Mohit Sehgal (born 3 December 1985) is an Indian television actor. He is known for his roles of Samrat in Miley Jab Hum Tum, Somendra in Sarojini - Ek Nayi Pehal and Jay in Naagin 5.

Career 
After an unnoticed role in the 2007 film Delhii Heights, Sehgal entered TV industry playing Samrat Shergill, one of the leads opposite Sanaya Irani in the daily soap Miley Jab Hum Tum (2008–2010) which aired on Star One.

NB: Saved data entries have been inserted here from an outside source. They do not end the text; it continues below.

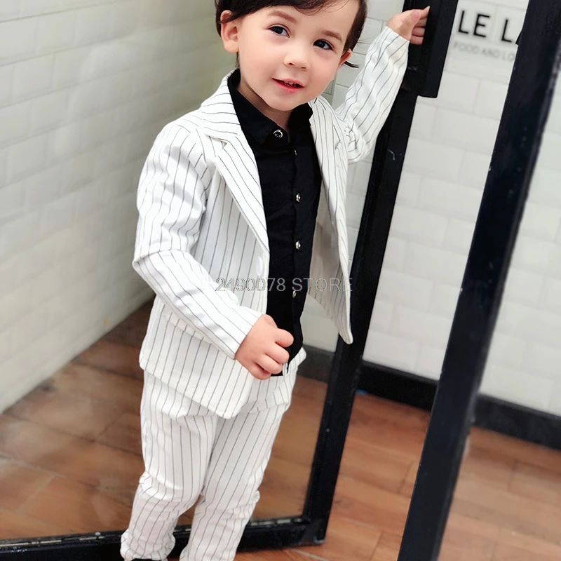 Комплект детской одежды из куртки и брюк, комплект одежды из 2 предметов, официальный свадебный смокинг для мальчиков с цветами, Детский костюм для проведения танвечерние представлений
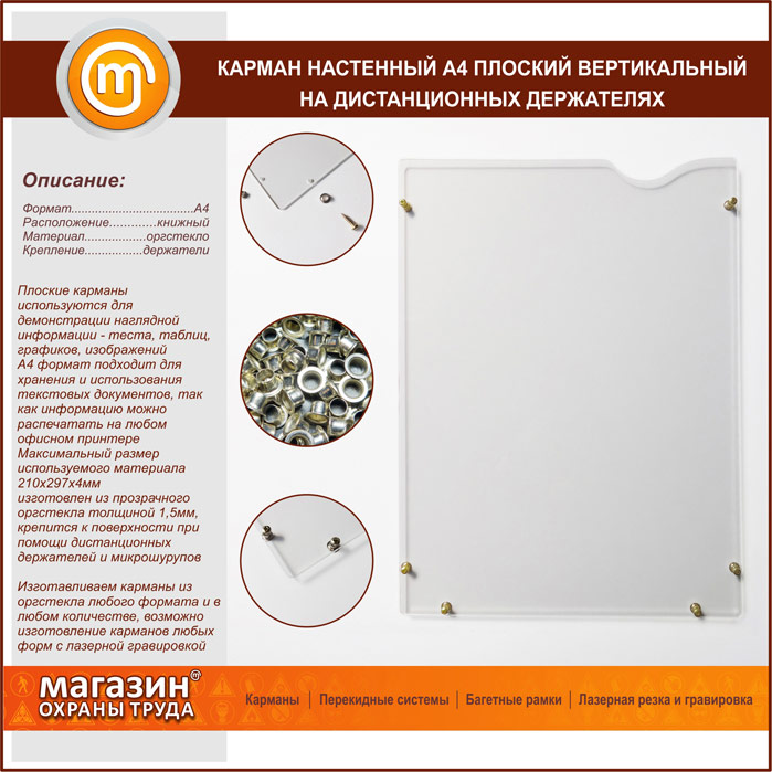 Карман настенный А4 плоский вертикальный на дистанционных держателях в Пензе купить
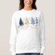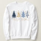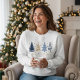Whimsical Merry Christmas Festive Trees Blue Gold Women's Sweatshirt features a whimsical Christmas trees in blue and gold with the text "Merry Christmas" in modern gold calligraphy script typography. Perfect for Christmas gifts, Christmas party apparel and holiday celebrations, winter and holiday birthdays and more. Created by Evco Studio www.zazzle.com/store/evcostudio
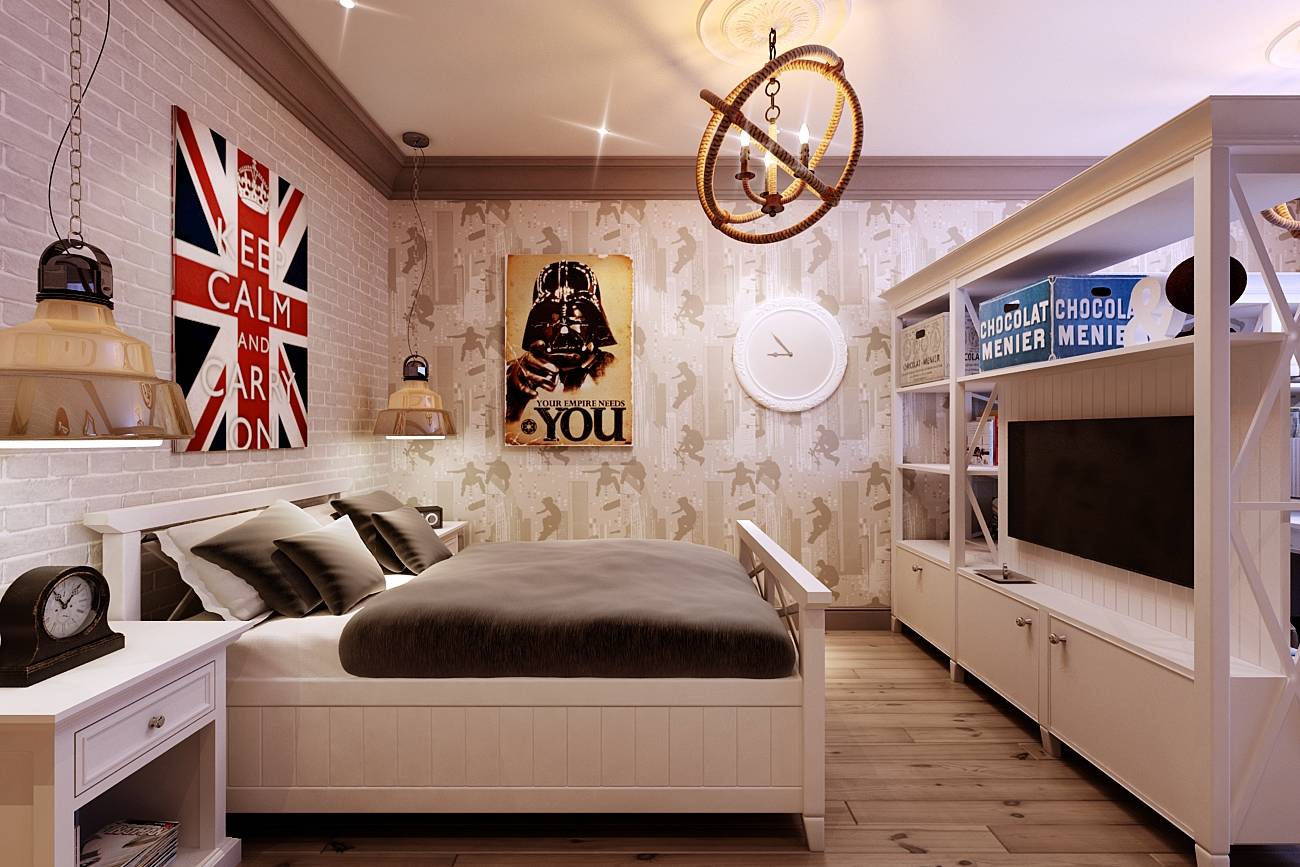 Комната для мальчика решена в аскетичном стиле. Отделка стены под кирпич и обои спортивной экстрим-тематики, необычный декор и аксессуары, которые так любят тинейджеры.
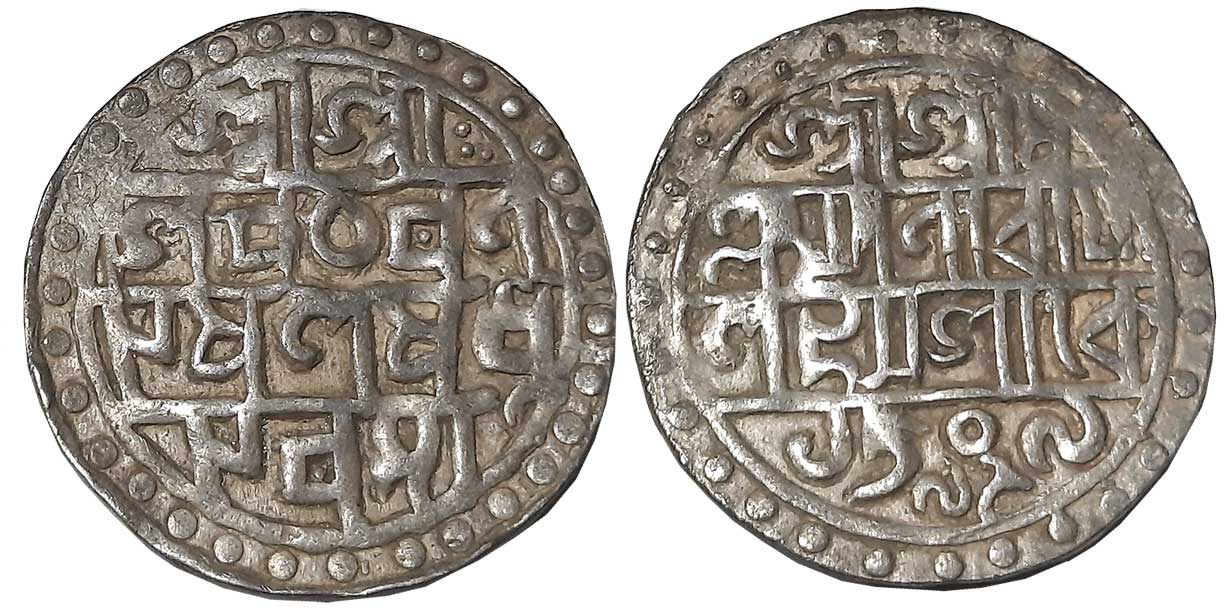 Lakshmi Narayan, Silver Tanka, 10.05g, SE1509/ CB-98, Obv: Bengali legend "Sri Sri/Siva Charana/Kamala Madhu/Karasya" within double circle with border of dots, Rev: Bengali legend "Sri Srima/n Lakshmi Naraya/Nasya sake/1509" within circle and border of dots (KM# 44). Very fine.
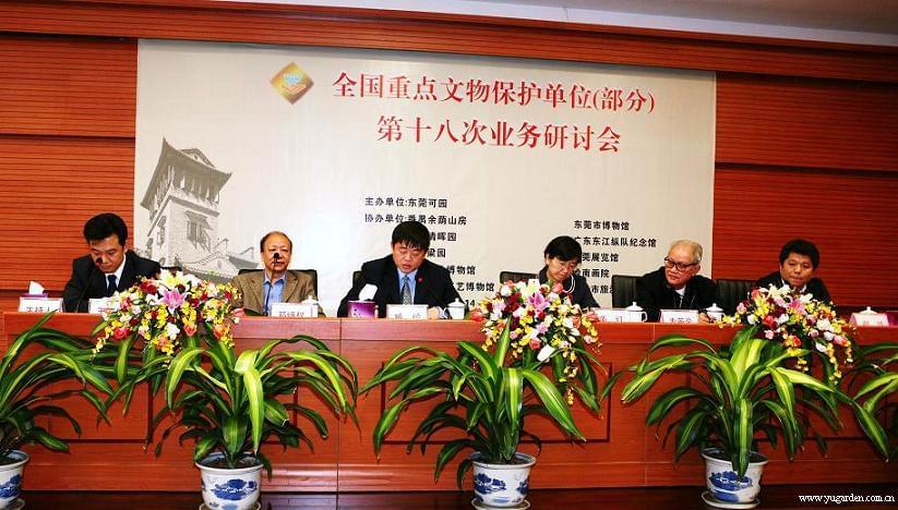 2008年11月12日至11月14日,第十八次全国重点文物保护单位(部分)业务研讨会在广东东莞成功举行。本次研讨会由东莞可园博物馆承办。在3天的会期中,各地与会代表围绕文物保护管理的主题,积极开展了各种形式多样的交流和座谈,圆满完成了会议各项议程,达到了良好的预期效果,增进了彼此间的了解和友谊。参加本次研讨会的全国重点文物保护单位有:北京颐和园、广东东莞可园、苏州拙政园、苏州留园、太原晋祠博物馆、山东邹城文物局、山东曲阜文物局、湖南岳麓书院、杭州岳庙、西安大雁塔保管所、华清池文物保管所、庐山会议旧址纪念馆、保定莲池书院、上海豫园等十四家会员单位。会议还特邀番禺余荫山房、佛山梁园、顺德清晖园、广州陈家祠、开平碉楼文化办公室、鸦片战争博物馆、东莞市博物馆、广东东江纵队纪念馆、东莞展览馆、岭南画院等兄弟单位与会。图为“第十八次全国重点文物保护单位(部分)业务研讨会”开幕式。
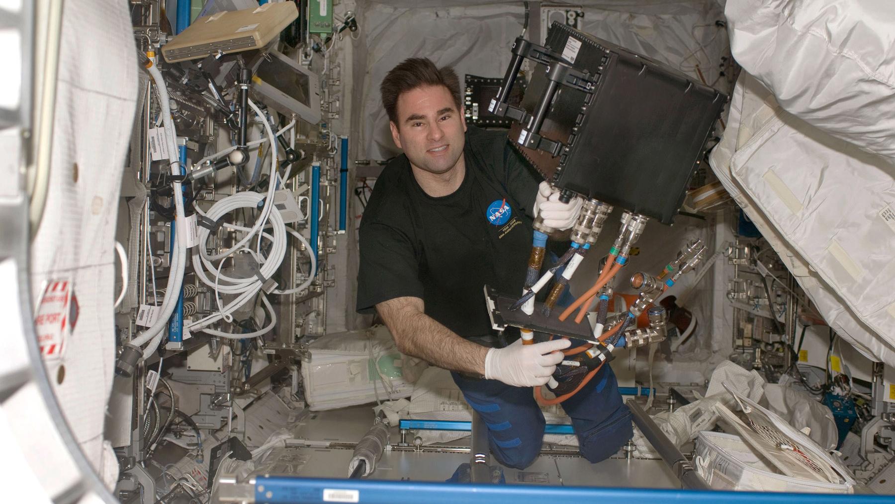 Astronaut Greg Chamitoff installiert den GeoFlow-Experimentcontainer im Columbus-Modul der Raumstation.
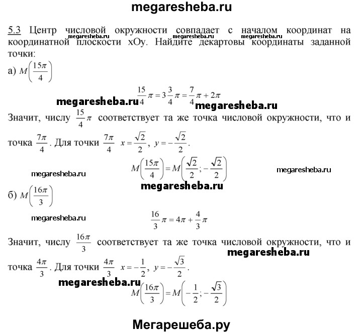 Центр числовой окружности совпадает с началом координат на координатной плоскости хОу. Найдите декартовы координаты заданной точки:
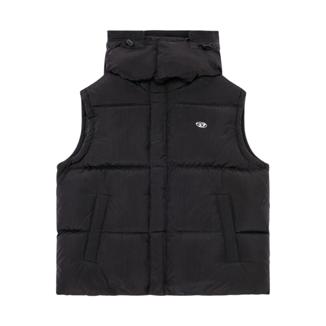 디젤 W-롤피스-Sl 리사이클 나일론 타슬란 다운 베스트 블랙
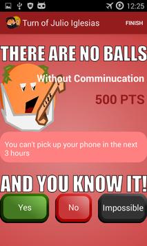 ¡Beware! This game is merciless. Aleatory Squad is not responsible if your life changes tragically when facing to challenges that will prove your phisical and moral integrity. Do not let it fool you trying to win the game and take into account that some challenges might have impredectible consequences. Good luck, fools.
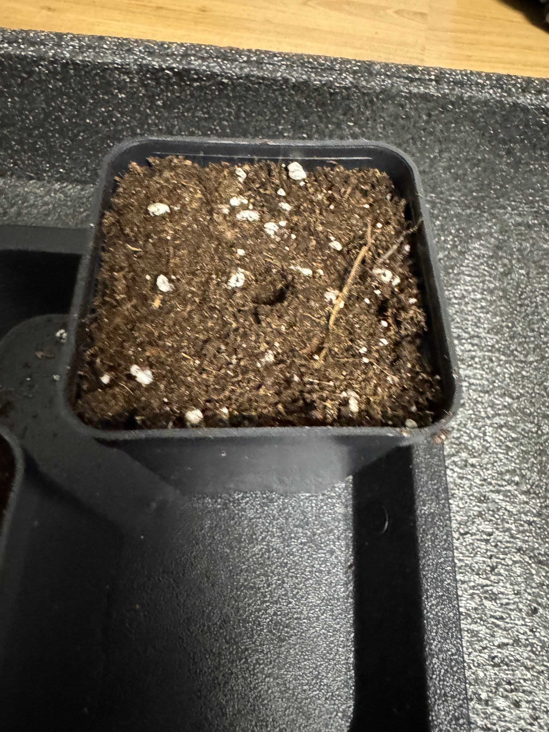 Die Oberfläche ist in einem Topf schon gut ausgetrocknet. Ab jetzt wird 1-2 mal (je nach Bedarf) am Tag die Oberfläche nachgefeuchtet. In meiner Sprühflasche sind außerdem 2ml Root-Juice auf 500ml Wasser verteilt (Empfehlung von BioBizz sind 4ml pro Liter, also passts).
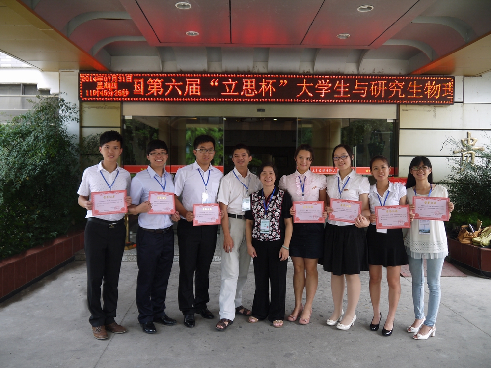 荣耀体育(中国)物理与能源学院黄树清、林钦两位老师带领6名学生(2011级物理学专业本科生熊红莹、刁长羽、郑荣炜、章大榕,2013级学科教学(物理)专业研究生陈婧、戴雁)组成代表队参赛。参加教学技能大赛的6名学生不负众望,在各自的小组中发挥出色,以精彩的讲课、富有创意的演示实验得到了评委的高度评价和其他参赛院校师生的一致认可,最终全部获得一等奖,获奖情况居所有参赛高校之首。陈婧、戴雁、章大榕3名学生还以一等奖第一名的身份被大赛组委会邀请进行公开教学展示。他们娴熟的技术、出色的表现,获得参赛师生的好评,许多外校师生纷纷进行拍照、摄像,作为今后学习的榜样。

In 2010 he hosted Zara Nachke Dikha and Meethi Choori No 1. After participating in Zor Ka Jhatka: Total Wipeout, he played supporting roles in Saath Nibhaana Saathiya and Parichay — Nayee Zindagi Kay Sapno Ka.

Sehgal next portrayed Siddharth in Star Plus's Mujhse Kuchh Kehti...Yeh Khamoshiyaan opposite Mrunal Thakur(2012–2013). In last quarter of 2013, he was chosen to enact the role of Haider Sheikh opposite Ketki Kadam in romantic drama Qubool Hai until his exit in 2014. He was also seen in Tumhari Paakhi of Karan.

He was then roped in as the lead Somendra Singh in Sarojini (2015–2016) opposite Shiny Doshi. Sehgal next appeared in Box Cricket League before emerging as a second runner-up with Irani through participation in the dance reality series Nach Baliye.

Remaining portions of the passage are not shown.